The MSKCC Group have published separate data on the salvage therapy of patients relapsing with a poor prognosis. In total, 37 patients were treated with two cycles of paclitaxel and ifosfamide at 2-week intervals and accompanied by stem cell harvest. The patients were then treated with three cycles of high-dose carboplatin and etoposide at 14–21 day intervals with stem cell support. Despite the highly adverse prognostic features of this group, 41% remained failure free at a median follow-up time of 2½ years. Our results using TIP in a comparable group, with much shorter follow-up, again appeared inferior.

A number of publications are now available describing experience with single agents (Motzer et al, 1994; Bokemeyer et al, 1996, 1999; Sandler et al, 1998; Einhorn et al, 1999; Kollmannsberger et al, 2002a, 2002b) or drug combinations (Miki et al, 2002; Hinton et al, 2002; Madani et al, 2003; Kollmannsberger et al, 2004) in patients with end-stage and cisplatin-refractory disease. Paclitaxel, gemcitabine and oxaliplatin have been evaluated as single agents, and the combinations paclitaxel and gemcitabine (Hinton et al, 2002), oxaliplatin and gemcitabine (Kollmannsberger et al, 2004), cisplatin and irinotecan (Miki et al, 2002) and cisplatin and epirubicin (Madani et al, 2003) as combinations. Comparison of these regimens is not possible because of the heterogeneous nature of the groups treated. However, the achievement of ongoing complete remission in a proportion of cases receiving all four described drug combinations is certainly a provocative finding.

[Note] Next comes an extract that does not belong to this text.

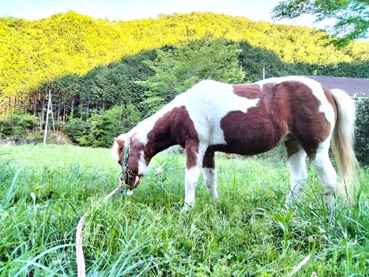 でもあるときは人と一緒にお散歩に行って美味しい青草をハミハミする時間。

How should contemporary patients relapsing after first-line chemotherapy be treated? There is no definite answer. The single randomised trial showing no benefit to high-dose treatment has been criticised as only one cycle of high-dose treatment was used. Patients in a good prognosis group can still reasonably be treated with standard-dose salvage regimens. Further prospective randomised trials are indicated but would clearly need to be international. Entry of these patients into prospective studies wherever possible is indicated.

In conclusion, our multicentre experience of TIP chemotherapy demonstrates that a substantial proportion of patients, particularly those in the MSKCC favourable group, can achieve long-term FFS. The results of patients with early relapse or those failing to respond satisfactorily to initial BEP are poor and alternative treatment approaches are clearly required. In a future study, we plan to intensify TIP, firstly by avoiding dose reductions by use of growth factors and secondly through the addition of gemcitabine.